WP Zero workarounds for eqsin
Closed, ResolvedPublic

Description

Problem:

  • There is currently a set of problematic Zero carriers for eqsin which are defined by:
    • Being a Zero carrier with an active countract
    • Being located in one of the countries on eqsin's target country list
    • WMF not yet receiving any confirmation from the carrier that they've updated their IP whitelist for the new eqsin IPs
  • If we ignore the case of these problematic carriers and simply turn up eqsin service broadly over all of the Asia/Oceania regions without regard for them, users of these carriers might expect Zero-rated traffic to WMF, and even get a banner injected by WMF indicating the traffic is Zero-rated, but then be charged for the traffic by the carrier.

Background Info for various terms used above and below:

  • The IP Whitelist: Part of the functional requirements for Zero working at all is that partner mobile carriers configure (in their own infrastructure) a whitelist of public IPs the WMF provides service over. The carrier zero-rates (does not charge for) traffic based on matching the destination IPs of their clients' traffic against this whitelist. Adding a new edge site like eqsin means adding some new IPs to the whitelist from our perspective, but partner carriers can be very slow to react and acknowledge that they've updated such lists on their own end, and we'll break zero-rating for the affected users if we send their users to new IPs before the carrier has updated.
  • The Carrier Network Lists: Each carrier also provides to the WMF a list of the source IPs (or whole networks) their clients' traffic will use when talking to our servers. The functional purpose of these lists in our own (WMF) infrastructure is to tell our software when it should inject the carrier-specific Zero banners at the top of the page output, informing the user that the data is free courtesy of the agreement with their carrier.
  • EQSIN Target List: This is the initial list of target countries for the eqsin turn-up from T189252. This list is based on rough estimations done months ago of the countries that could potentially see benefits.
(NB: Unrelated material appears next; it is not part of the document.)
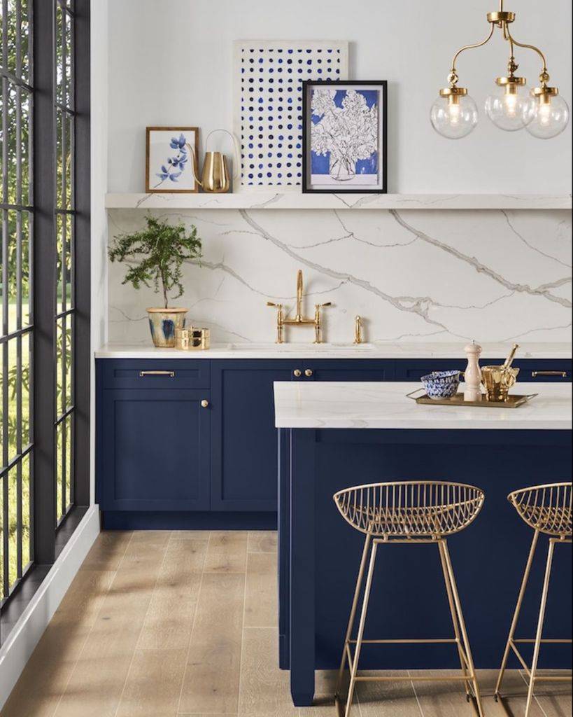 Самым модным цветом в интерьере жилых квартир в 2022 году считается темно-синий. Можно купить для кухни и гарнитур с фасадами такого цвета. Но это решение подойдет исключительно для помещения большого объема. Темно-синий в дизайне углового гарнитура будет модно смотреться в сочетании с белым, голубым, светло-кремовым, серым.

In the long term, we'll of course make these routing decisions on latency alone and may find other cases outside the initial set. During the initial turn-up process, we may also opt to not route some of the target countries to eqsin based on performance. However, the critical bit here is that during the initial turn-up process, we're specifically limiting ourselves to not go outside the pre-determined target list here, so that we don't have to go back and re-evaluate Zero-related concerns from scratch in the middle of the process.
  • GeoDNS Routing: We target the countries above for eqsin usage via GeoDNS. GeoDNS is relatively-imprecise, but usually fairly reliable at the per-country level. In many common cases where client DNS caches lack a functioning implementation of edns-client-subnet, we end up matching on the client DNS cache's exit IP, which can be from a completely different network than the client's HTTPS traffic source IPs. Because of this discrepancy/inaccuracy, it's not useful/accurate to use the carrier-provided network lists above directly in our GeoDNS configuration to keep certain carriers from routing to eqsin.

Solution:

  1. We'll maintain a list of the problematic carriers and their containing countries here in this ticket. At this point the list can only possibly shrink, not grow. It will shrink as carriers' contracts expire or they update their whitelists. We anticipate that the list will become empty over the course of a hopefully-short period of months from now.
  2. So long as a country remains on this list, even though it's in the overall intended target list for eqsin, we won't actually turn-up eqsin service for that country. This will unfortunately delay eqsin benefits for the entire target country, but it's necessitated by the other constraints here. This is deemed to be a sufficient level of effort to prevent most of the possible problems. We'll mark the affected countries directly with commentary in our GeoDNS configuration to ensure there's no mistakes when doing other related work.
  3. As a fail-safe for the above, we'll add some VCL code to our frontend Varnishes that implements something like the pseudo-code below in order to ensure that if GeoDNS fails us above and a user from a problematic carrier's customers end up using eqsin, we don't show the user a Zero-rated banner at the top of the page:
foreach client_request:
    if wmf_site == eqsin:
        if carrier_lookup(client_request) in set_of_problematic_carriers:
            suppress_carrier_lookup(); // which disables the Zero banner injection

Problematic Country+Carrier List:
(to be updated here as conditions change!)

CCCountryCarrier MCC-MNC
THThailand520-18
MMMyanmar414-06
TLEast Timor514-02
FJFiji542-02
NRNauru542-02
VUVanuatu541-05
TOTonga539-88

TODO:

  • Mark these countries in GeoDNS config commentary
  • Initial implementation of VCL logic for carrier banner suppression
  • Maintain GeoDNS commentary and VCL carrier set until list size reaches zero and this ticket can be closed

Event Timeline

BBlack triaged this task as Medium priority.Mar 8 2018, 9:31 PM
BBlack created this task.
BBlack updated the task description. (Show Details)Mar 9 2018, 2:58 PM
BBlack added a subscriber: DFoy.
BBlack moved this task from Triage to Asia Cache DC on the Traffic board.Mar 12 2018, 4:26 PM

Change 421088 had a related patch set uploaded (by BBlack; owner: BBlack):
[operations/puppet@production] eqsin+zero fallback

https://gerrit.wikimedia.org/r/421088

Change 421089 had a related patch set uploaded (by BBlack; owner: BBlack):
[operations/dns@master] geo-maps: mark eqsin+zero issues, split out OC

https://gerrit.wikimedia.org/r/421089

Change 421089 merged by BBlack:
[operations/dns@master] geo-maps: mark eqsin+zero issues, split out OC

https://gerrit.wikimedia.org/r/421089

Change 421088 merged by BBlack:
[operations/puppet@production] eqsin+zero fallback

https://gerrit.wikimedia.org/r/421088

Change 446992 had a related patch set uploaded (by BBlack; owner: BBlack):
[operations/puppet@production] Revert "eqsin+zero fallback"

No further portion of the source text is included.